T
The Daily Insight

Why would an S Corp owe taxes?

Author

Sarah Duran

Published Mar 29, 2026

S-corporations are pass-through entities. That is, the corporation itself is not subject to federal income tax. Instead, the shareholders are taxed upon their allocated share of the income. Shareholders do not have to pay self-employment tax on their share of an S-corp’s profits.

What is a reasonable cause of late S Corp filing?

Reasonable causes are that your company’s president, chief executive officer or similar responsible person neglected to file the election, or your corporation’s tax professional or accountant neglected to do so.
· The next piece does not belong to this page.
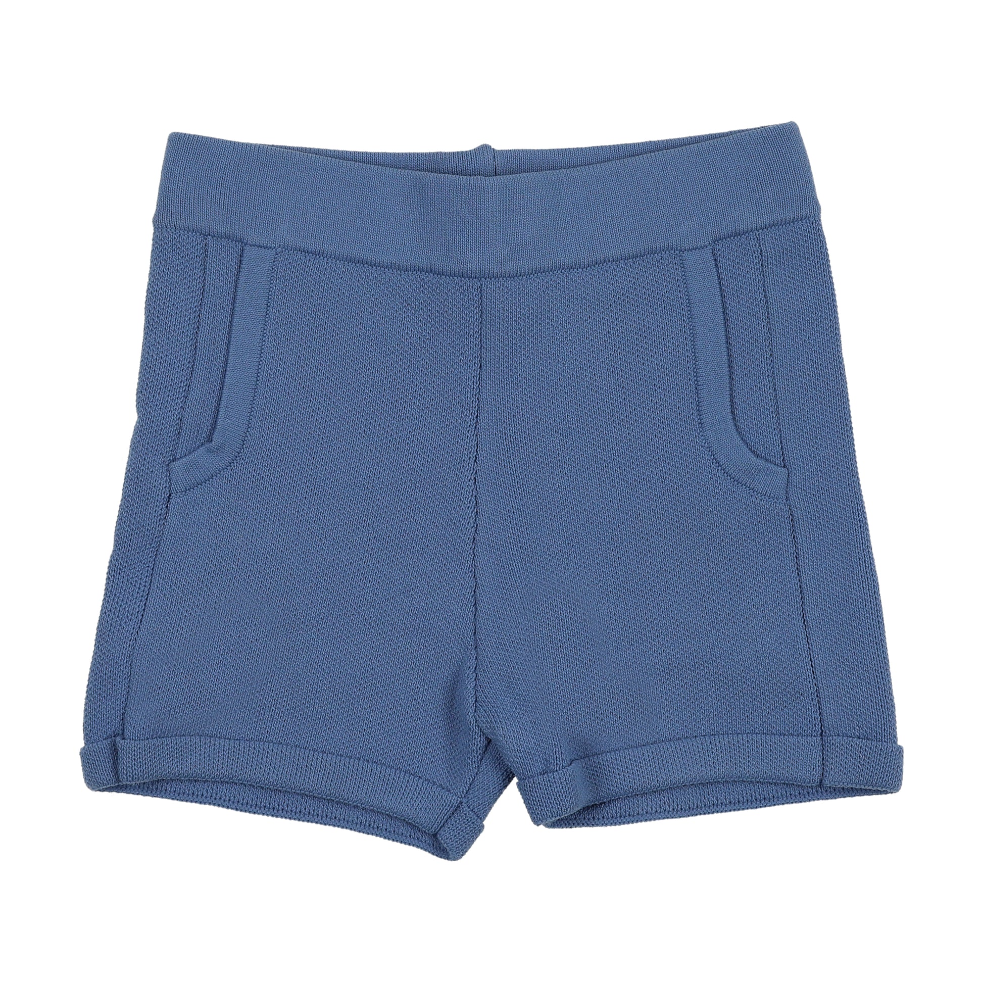 SWEET THREADS BLUE KNIT BUTTON SHORTS

How late can you file S-Corp election?

When To Make the Election Complete and file Form 2553: No more than 2 months and 15 days after the beginning of the tax year the election is to take effect, or. At any time during the tax year preceding the tax year it is to take effect.

How late can you file Form 8832?

There’s no “deadline” to file Form 8832—it can be filed either right when you start your business, or at any point during your business’s lifetime. However, the filing date is important. The tax status for the business is effective either: Up to 75 days before filing the form.

How does an S corporation file a tax return?

For tax purposes, an S corporation is considered a pass-through taxing mechanism. That is, the tax on the S corporation is passed through to the owners for federal income tax purposes. First, the corporation files a business tax return on Form 1120-S.

Where do I put Scorp on my tax return?

On the 1120S form, you will enter the income and expenses of the business for 2017. Each shareholder’s portion of the income, credits and deductions of the SCorp will be included on a K-1 form, which is used to pass through the income, credits and deductions to their personal return.

How are the shareholders of a corporation taxed?

For example, if the profits of the S corp are $100,000 and there are four shareholders, each with a 1/4 share, each shareholder would pay taxes on $25,000 in profits. As noted above, shareholders of corporations pay tax on the dividends they receive from the corporation, in addition to the income tax imposed on the corporation itself.

Do you have to pay taxes on dividends to an S corporation?

No tax is imposed on the S corp, and there are no dividends. The owners of an S corporation pay regular income tax on their distribution, but they are not considered to be self-employed, so they pay no self-employment tax on this distribution.